Hi, I am writing a user-defined function in Stan. I need to calculate the percentile values of a vector. This vector is computed based on the input parameter and data.
I was not able to find such a function for that in Stan reference manual. Is there a way of doing this in Stan or is there a function that’s equivalent to “quantile” function in R?
Short answer: That function goes from continuous (parameters) to discrete transformed parameters so it’s not something that Stan encourages although you can technically create it by sorting and choosing the xth value. If you use this transformed parameter to modify the target density (via target += or any of the lpmf/lpdf functions) it will interfere with sampling.
Is this something defined in the parameters block or as data? If it’s data, then what @sakrejda is suggesting will work and not interfere with sampling. Otherwise, it breaks continuous differentiability of the log density w.r.t. parameters.
R quantile function is by default continuous although the derivative of the default type is not continuous (R quantile has 9 different algorithms for computing quantile estimate).
Otherwise, you need to sort and select (and maybe interpolate if you really want to go to town), as @sakrejda was outlining.
We probably should have a quantile function for data and generated quantities.

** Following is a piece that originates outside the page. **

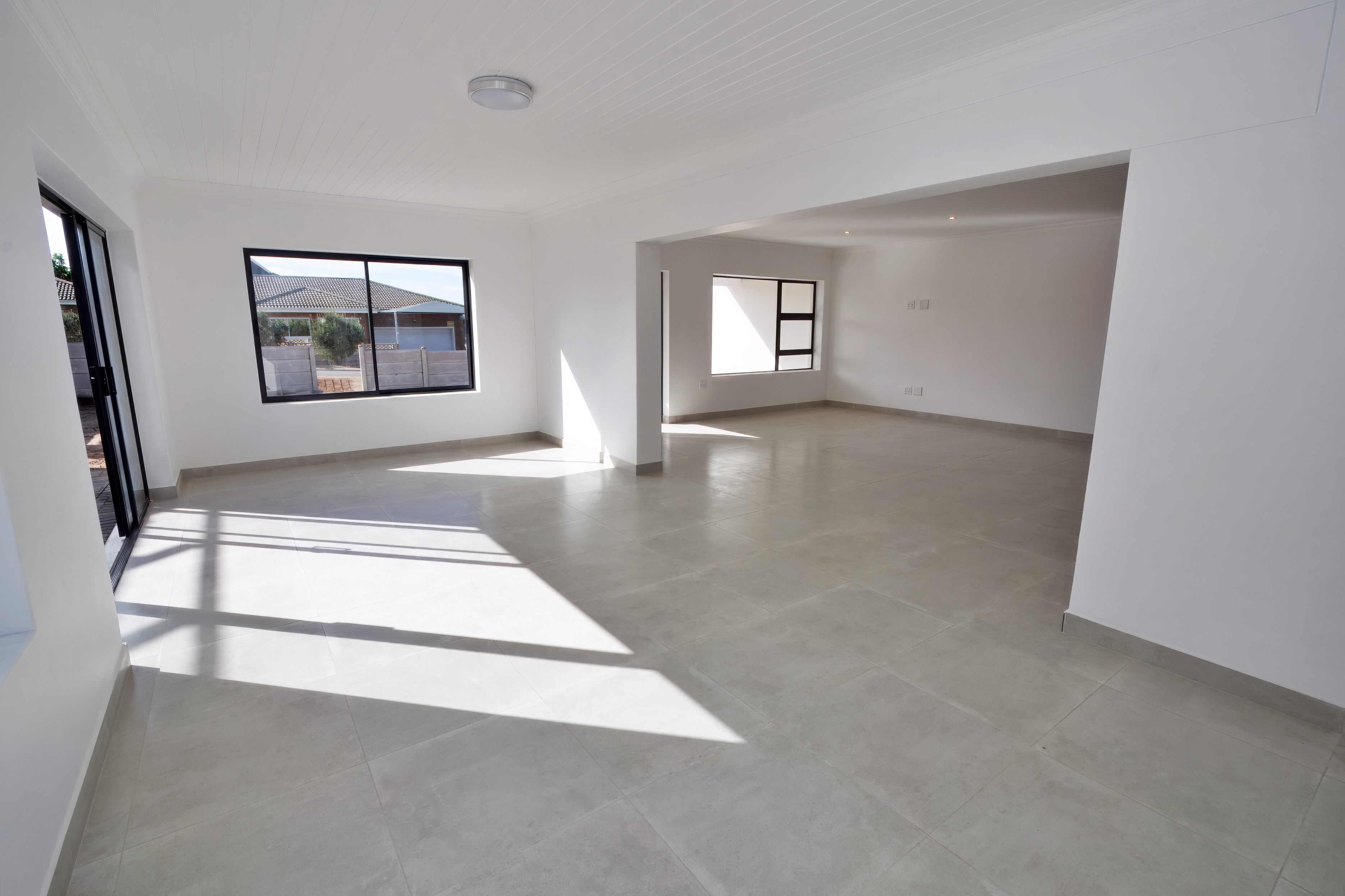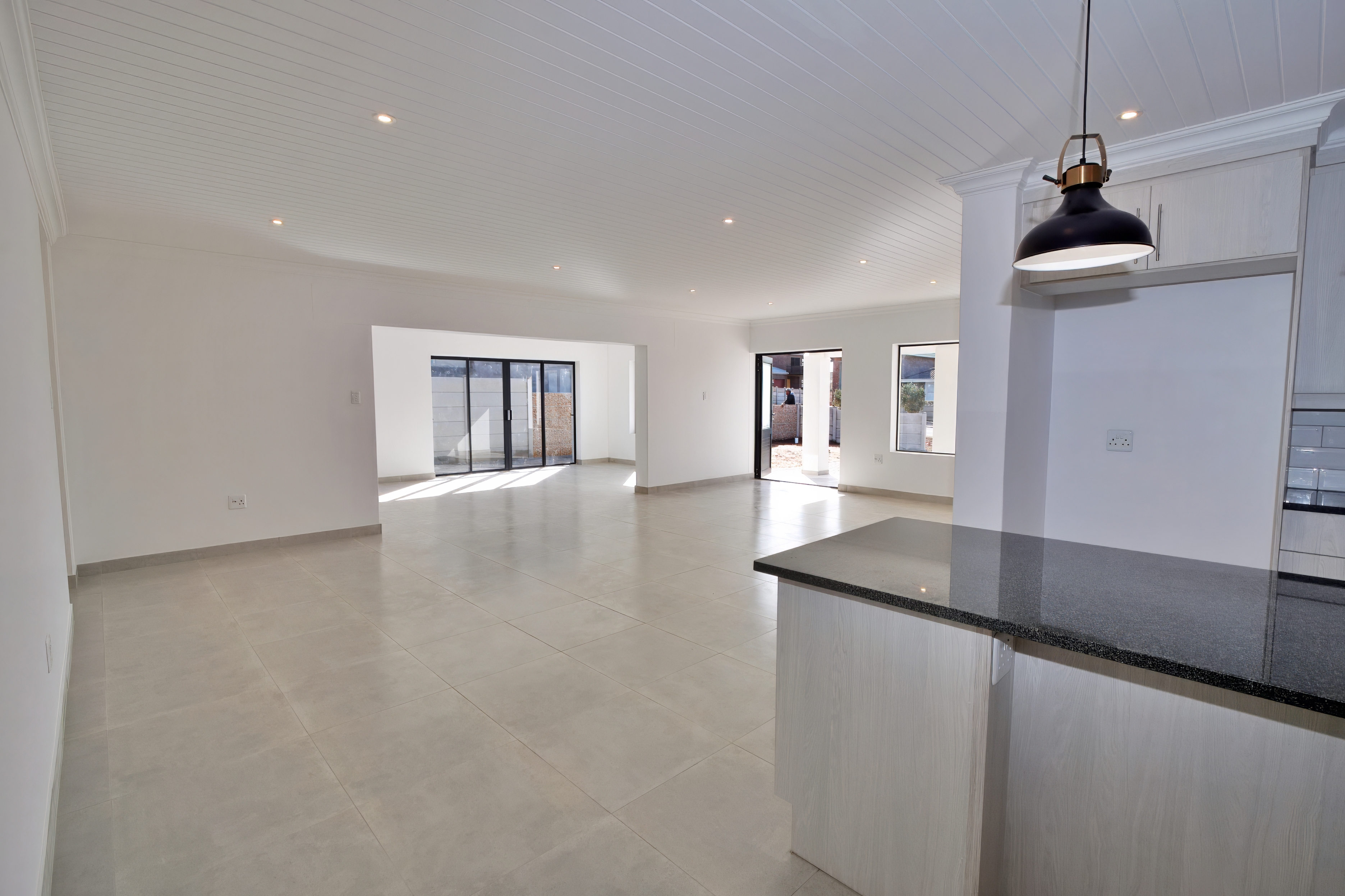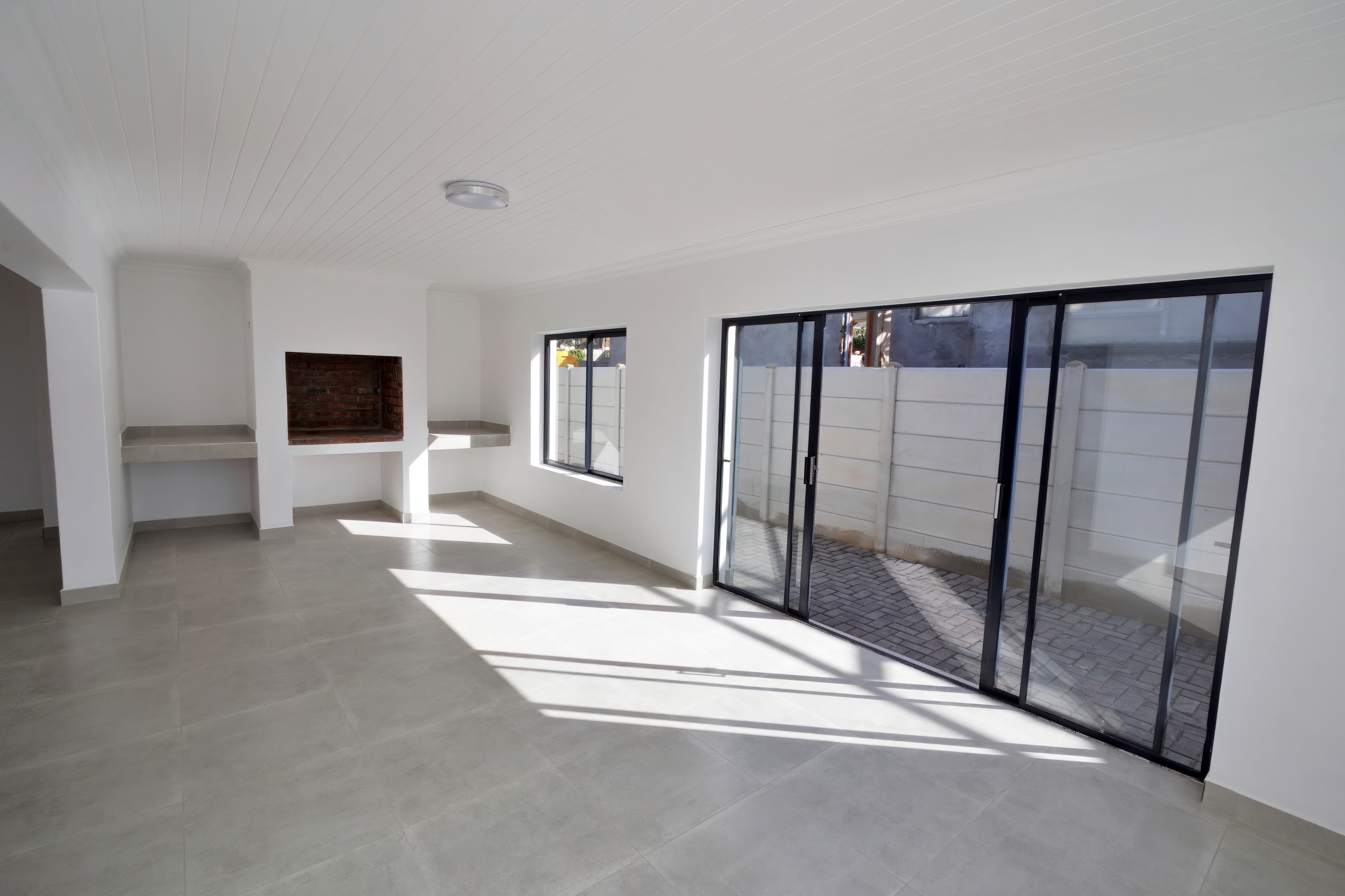 The home features an inviting open-plan layout that seamlessly connects the kitchen, dining, living, and indoor braai area – ideal for both family living and entertaining guests. A separate scullery adds extra convenience and practicality.

It doesn’t make much sense in the model block as the sorting itself is going to act kind of like a step function (at some threshold, a different variable contributes, but that threshold’s not itself contributing to derivatives, but set by another element).
Hi, I’m trying to calculate quantiles in the generated quantities section so I built a function for it, but now I’m hitting the problem of the floor() function not returning integers (and as we all know there is no way to type cast in Stan for safety etc.).
You can cast to integers, you just need to build your own foot-gun based on the fact that you can compare doubles and integers:
int cast_to_int(real x, int magnitude) {
real precision = sqrt(machine_precision());
int y = 0;
real x_copy = x;
int x_sign = 1;
if (x < 0.0) {
x_sign = -1;
x_copy = -x;
}
for (j in 0:magnitude) {
if (j > x_copy)
break;
y = j;
if ((x_copy - j) < precision)
break;
if (j == magnitude) reject("Cast to int failed.")
}
if (x_sign < 0) {
return -y;
} else {
return y;
}
}
Found another way to shoot my foot (not really fair considering I’m working with indices here). I have to specify the quantiles 0-100 and use the integer division truncation to do my work. Just wanted to share in case someone else needs something like this.
We should really just expose these casts and put big warnings on them. Any function doing this cast should at least be exponential in behavior.
Binary search version of to_int()
This one will work in \mathcal{O}(\log | x |) iterations to convert x to an integer.
functions {
int ub(real x) {
int ub = 1;
while (ub < x) ub *= 2;
return ub;
}
int closest(real x, int a, int b) {
return fabs(x - a) < fabs(x - b) ? a : b;
}
// L <= x <= U
int to_int_bsearch(real x, int L, int U);
int to_int_bsearch(real x, int L, int U) {
int mid = (L + U) / 2;
if (L == U) return L;
if (L + 1 == U) return closest(x, L, U);
return x <= mid? to_int_bsearch(x, L, mid) : to_int_bsearch(x, mid, U);
}
int to_int(real x);
int to_int(real x) {
if (fabs(x) >= 2^31) reject("to_int arugment must be < 2^31, found x = ", x);
if (x < 0) return -to_int(-x);
return to_int_bsearch(x, 0, ub(x));
}
}
transformed data {
real cases[13] = { -13.0, -1.9, -1.3, -0.5, -1e-2, 0.0, 0.1, 0.5, 0.6, 1.0, 3.2, 3.9, 13765.23 };
for (i in 1:size(cases))
print("to_int(", cases[i], ") = ", to_int(cases[i]));
}
parameters {
real<lower = 0, upper = 1> theta;
}
Agreed. So I opened a math issue for quantile funtions. This one’s particularly easy because there are no gradients, just some sorting or even better, using Boost’s accumulators to do it online.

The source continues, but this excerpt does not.